▶ **BRIEF**
Your transcription must include every record word for word and no pictures.

[Items from a data source]

· · · · · · ·

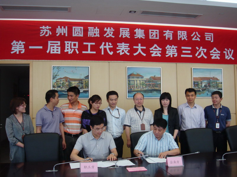 大会先行讨论审议了圆融集团《集体合同》,与会代表一致认为:《集体合同》对职工的切身利益进行了明确、具体的规定,反映了广大职工利益诉求,是以人为本管理理念最好体现。集体合同的实施,对激发圆融集团广大职工主人翁责任感,调动职工工作热情,实现集团总目标起到积极的促进作用。经无记名投票予以通过后进行了签约仪式。签约仪式上圆融集体公司方首席代表财务总监刘东军与职工方首席代表童欣进行了签约。
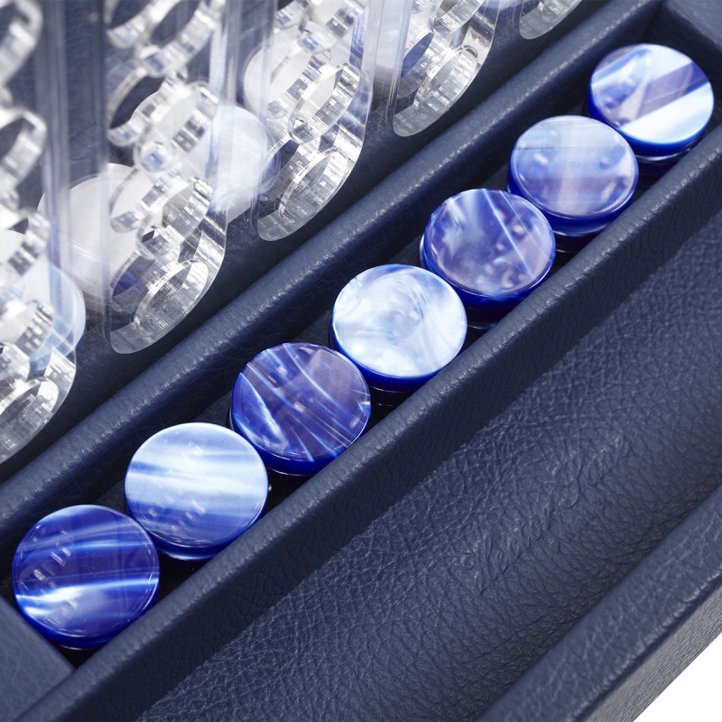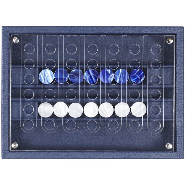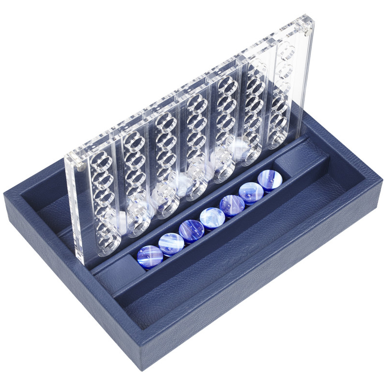 Exclusive board game "Four in a row" made of Buffalo leather, blue
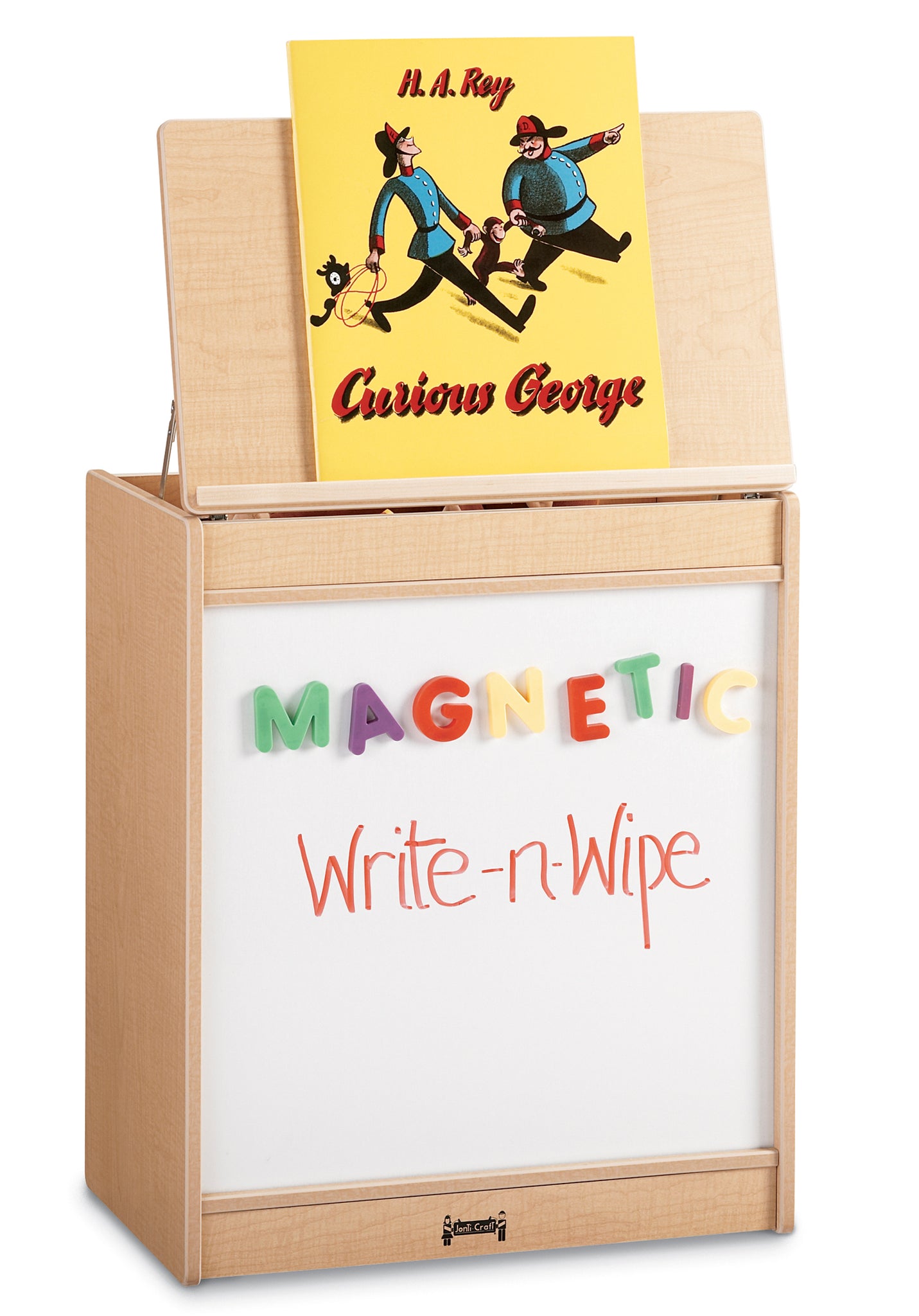 Add to your big book story with this easel featuring a Magnetic Write-n-Wipe panel below book display. Vertical big book partitions in back for storing a variety of books. Folding display easel hides storage compartment. Easel opens to 43" high.
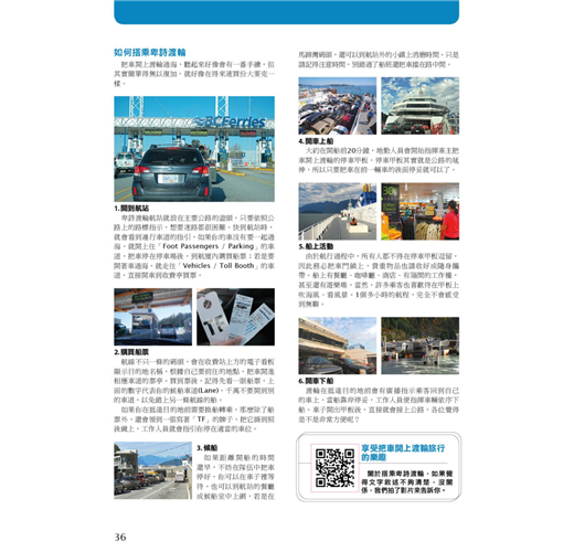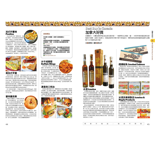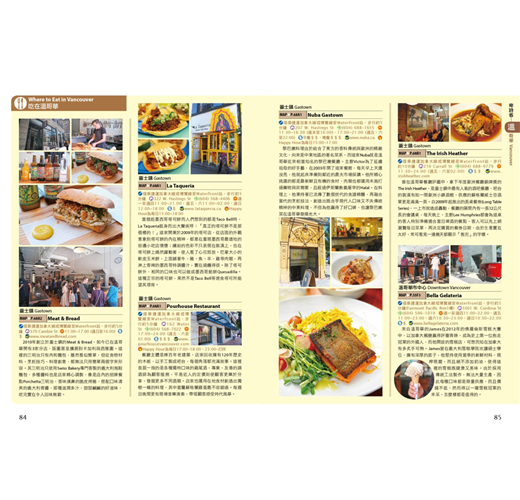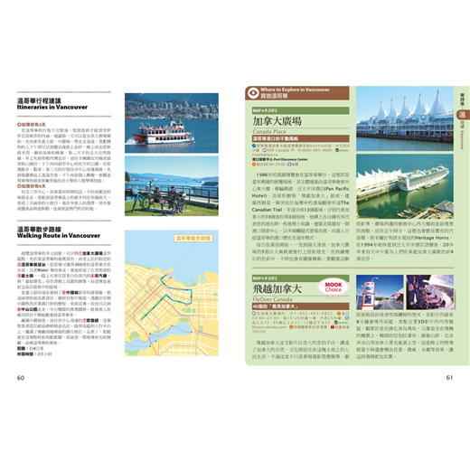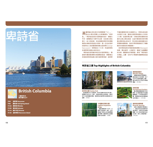 鹽泉島是近年來熱門的旅行目的地之一,本書不但介紹島上風光,也詳細解說如何搭乘BC Ferry抵達該處。而基隆拿也是炙手可熱的加拿大酒鄉,以出產冰酒聞名,隨著自駕旅遊的人口增加,前往基隆拿的人數也日益增漲,本書中則針對基隆拿的人氣酒莊,有特別報導。
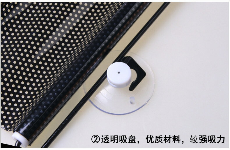 3、不想使用隔熱簾的時候,只需輕輕一拉吸盤上邊側的小圓粒,即可使吸盤脫離玻璃,隔熱簾自動收卷

· · · · · · ·

▶ **TASK RESULT**
 大会先行讨论审议了圆融集团《集体合同》,与会代表一致认为:《集体合同》对职工的切身利益进行了明确、具体的规定,反映了广大职工利益诉求,是以人为本管理理念最好体现。集体合同的实施,对激发圆融集团广大职工主人翁责任感,调动职工工作热情,实现集团总目标起到积极的促进作用。经无记名投票予以通过后进行了签约仪式。签约仪式上圆融集体公司方首席代表财务总监刘东军与职工方首席代表童欣进行了签约。
 Exclusive board game "Four in a row" made of Buffalo leather, blue
 Add to your big book story with this easel featuring a Magnetic Write-n-Wipe panel below book display. Vertical big book partitions in back for storing a variety of books. Folding display easel hides storage compartment. Easel opens to 43" high.
 鹽泉島是近年來熱門的旅行目的地之一,本書不但介紹島上風光,也詳細解說如何搭乘BC Ferry抵達該處。而基隆拿也是炙手可熱的加拿大酒鄉,以出產冰酒聞名,隨著自駕旅遊的人口增加,前往基隆拿的人數也日益增漲,本書中則針對基隆拿的人氣酒莊,有特別報導。
 3、不想使用隔熱簾的時候,只需輕輕一拉吸盤上邊側的小圓粒,即可使吸盤脫離玻璃,隔熱簾自動收卷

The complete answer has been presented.